Astrophysical Neutrino Production Diagnostics with the Glashow Resonance

TL;DR

This paper investigates how the Glashow resonance at 6.3 PeV can diagnose the production mechanisms of ultra-high energy neutrinos, highlighting its potential to distinguish between different astrophysical sources and interactions.

Contribution

It provides detailed modeling of neutrino production processes, including decay kinematics and Monte Carlo simulations, to assess the diagnostic power of the Glashow resonance.

Findings

Glashow resonance can differentiate photohadronic from proton-proton sources.

Discrimination remains challenging even with IceCube-Gen2.

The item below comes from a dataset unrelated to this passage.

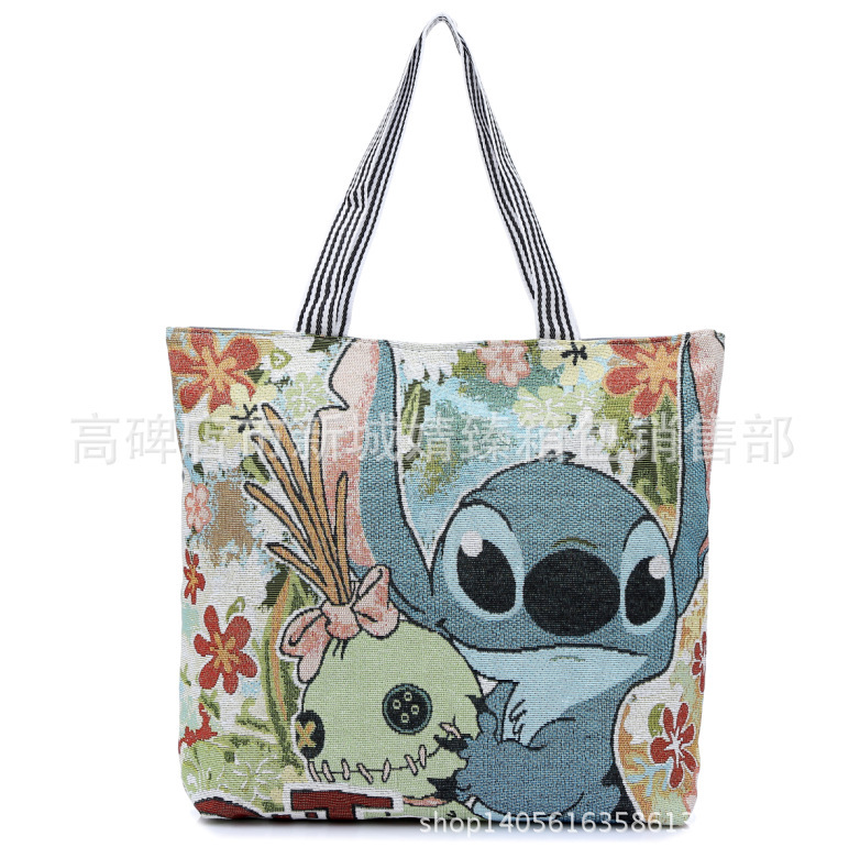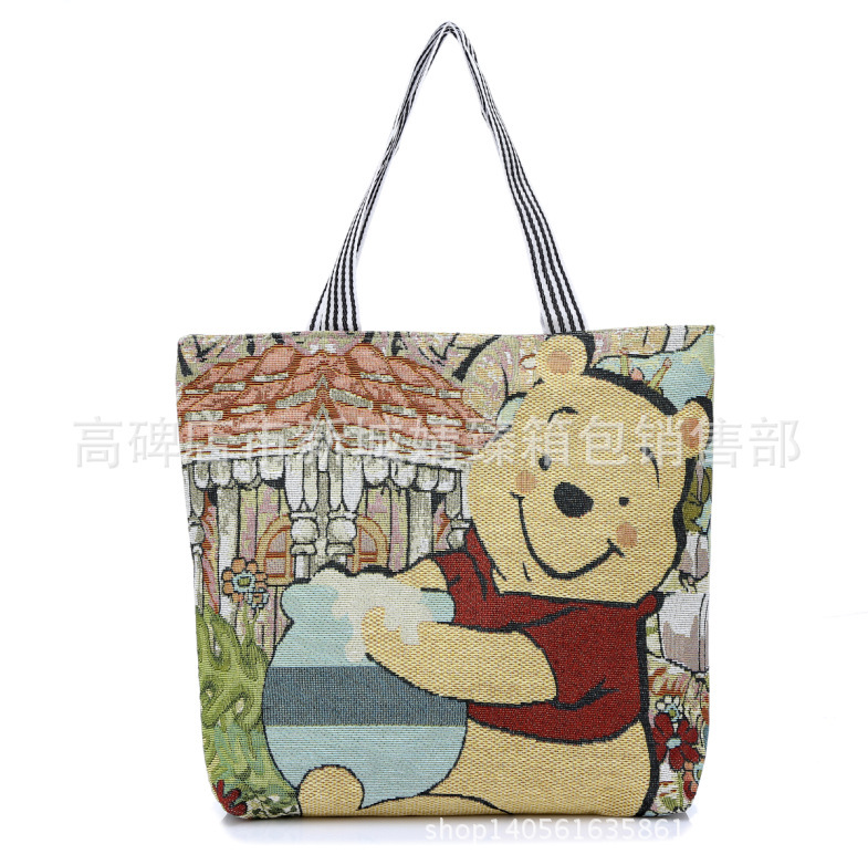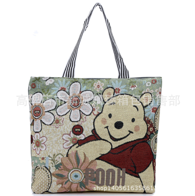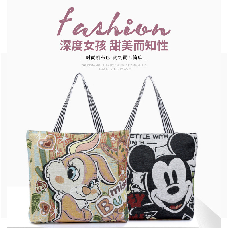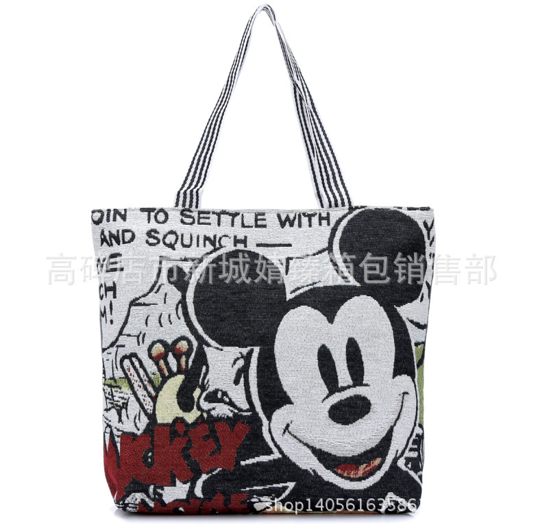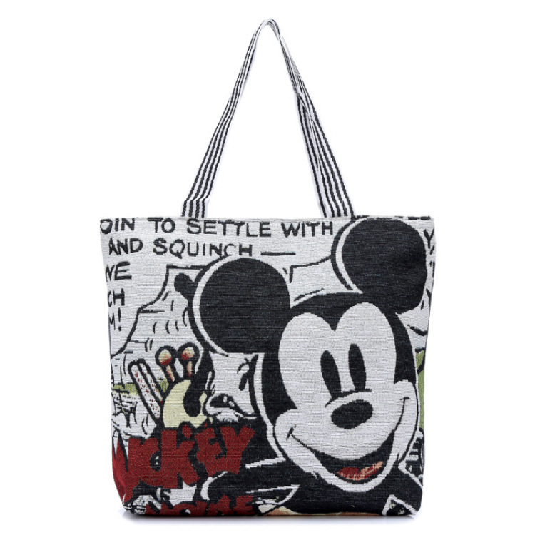 跨境单肩包女2023大容量购物袋时尚卡通印花通勤托特包手提帆布包

Non-observation of Glashow events constrains certain source models.

Abstract

We study the Glashow resonance $\bar{\nu}_e + e^- \rightarrow W^- \rightarrow$ hadrons at 6.3 PeV as diagnostic of the production processes of ultra-high energy neutrinos. The focus lies on describing the physics of neutrino production from pion decay as accurate as possible by including the kinematics of weak decays and Monte Carlo simulations of pp and p$\gamma$ interactions. We discuss optically thick (to photohadronic interactions) sources, sources of cosmic ray nuclei and muon damped sources. Even in the proposed upgrade IceCube-Gen2, a discrimination of scenarios such as pp versus p$\gamma$ is extremely challenging under realistic assumptions. Nonetheless, the Glashow resonance can serve as a smoking gun signature of neutrino production from photohadronic (A$\gamma$) interactions of heavier nuclei, as the expected Glashow event rate exceeds that of pp interactions. We finally quantify the exposures for which the non-observation of Glashow events exerts pressure on certain scenarios.